Copy the data that appears below exactly. Drop the pictures.
++++ INFORMATION PROVIDED ++++
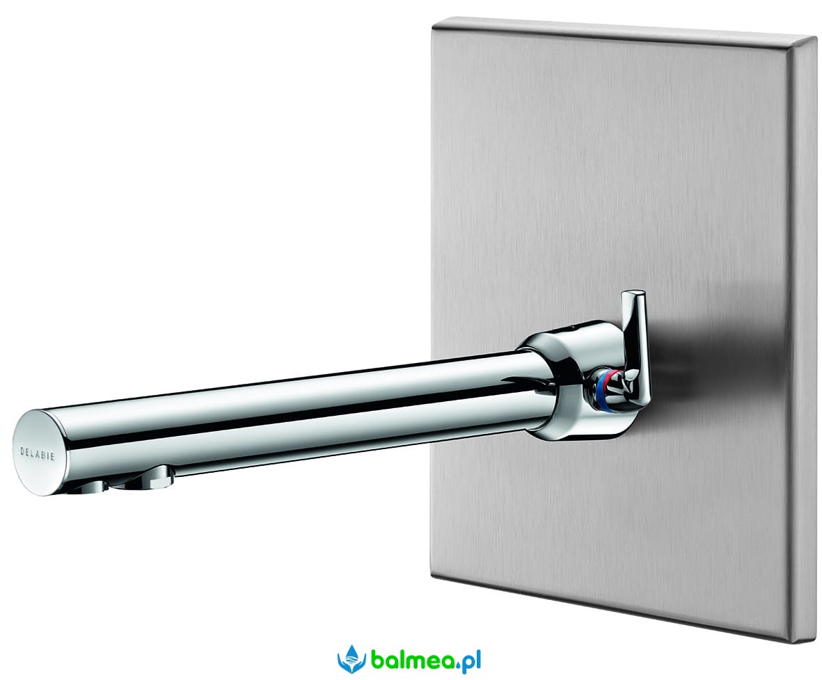 Zasilanie wodne: przyłącza Z3/8″ z filtrami i elektrozaworami. W komplecie kabel do detektora, wężyki zasilające i mocowania zgrupowane. Boczna dźwignia służy do regulacji temperatury wody z ogranicznikiem maksymalnej temperatury. Wylewka chromowana w odległości 24 cm od ściany. Instalacja podtynkowa, za płytą stalową inox o wymiarach 225 x 200 mm.
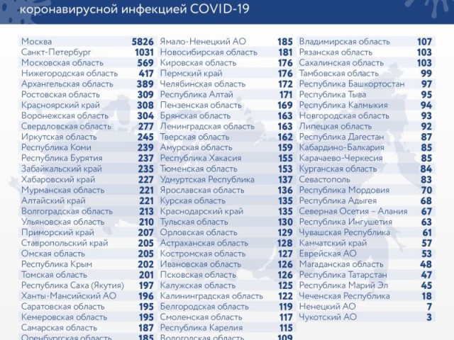 Также за сутки зафиксировано 389 летальных случаев. С начала эпидемии в России от коронавируса скончалось 29 217 человек. Мероприятие для возрастной категории 18+
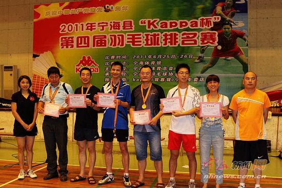 宁海新闻网讯 2011年县“Kappa杯”第四届羽毛球排名赛日前在县体育馆落下帷幕。本次比赛吸引了全县近100名“羽”林高手参加,是我县羽毛球单项赛事规模最大、参赛人数最多的一届比赛。在两天的激烈竞赛中,王志宇、杨依怡分别摘得男女单打桂冠,男子双打第一名荣归林双进和潘闻瀚。(记者 水玲玲 摄) |
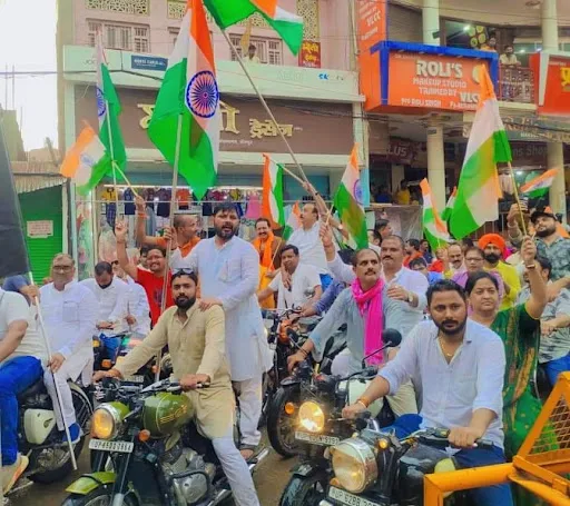 विशाल तिरंगा यात्रा में बीजेपी कार्यकर्ताओं की बड़ी तादाद शामिल रही आम लोगों का भी उत्साह देखते बना व्यापारिक संगठनों के प्रतिनिधियों ने तिरंगा यात्रा में शामिल हुये इन सबका जिलाध्यक्ष पुष्पराज सिंह ने सबका अभिनंदन किया तिरंगा यात्रा के मार्ग पर लोगों ने फूलों की बारिश भी की।
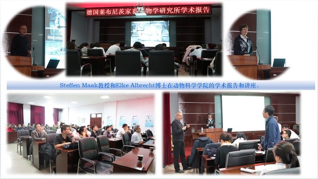 2018年11月9日上午,德国莱布尼茨家畜生物学研究所Steffen Maak教授和Elke Albrecht博士应杨润军教授邀请,在beat365英国官方网站做了题为“Introduction to the Leibniz Institute for Farm Animal Biology”和“Identification of signals influencing muscle composition and function”的学术报告和讲座,报告会由学院副院长张明军教授主持,赵志辉教授、郝琳琳教授、房希碧博士等教师,动物遗传育种与繁殖专业研究生及2016级动物科学卓越农林人才试验班同学参加了报告会。
++++
WRITTEN ANSWER –
 Zasilanie wodne: przyłącza Z3/8″ z filtrami i elektrozaworami. W komplecie kabel do detektora, wężyki zasilające i mocowania zgrupowane. Boczna dźwignia służy do regulacji temperatury wody z ogranicznikiem maksymalnej temperatury. Wylewka chromowana w odległości 24 cm od ściany. Instalacja podtynkowa, za płytą stalową inox o wymiarach 225 x 200 mm.
 Также за сутки зафиксировано 389 летальных случаев. С начала эпидемии в России от коронавируса скончалось 29 217 человек. Мероприятие для возрастной категории 18+
 宁海新闻网讯 2011年县“Kappa杯”第四届羽毛球排名赛日前在县体育馆落下帷幕。本次比赛吸引了全县近100名“羽”林高手参加,是我县羽毛球单项赛事规模最大、参赛人数最多的一届比赛。在两天的激烈竞赛中,王志宇、杨依怡分别摘得男女单打桂冠,男子双打第一名荣归林双进和潘闻瀚。(记者 水玲玲 摄) |
 विशाल तिरंगा यात्रा में बीजेपी कार्यकर्ताओं की बड़ी तादाद शामिल रही आम लोगों का भी उत्साह देखते बना व्यापारिक संगठनों के प्रतिनिधियों ने तिरंगा यात्रा में शामिल हुये इन सबका जिलाध्यक्ष पुष्पराज सिंह ने सबका अभिनंदन किया तिरंगा यात्रा के मार्ग पर लोगों ने फूलों की बारिश भी की।
 2018年11月9日上午,德国莱布尼茨家畜生物学研究所Steffen Maak教授和Elke Albrecht博士应杨润军教授邀请,在beat365英国官方网站做了题为“Introduction to the Leibniz Institute for Farm Animal Biology”和“Identification of signals influencing muscle composition and function”的学术报告和讲座,报告会由学院副院长张明军教授主持,赵志辉教授、郝琳琳教授、房希碧博士等教师,动物遗传育种与繁殖专业研究生及2016级动物科学卓越农林人才试验班同学参加了报告会。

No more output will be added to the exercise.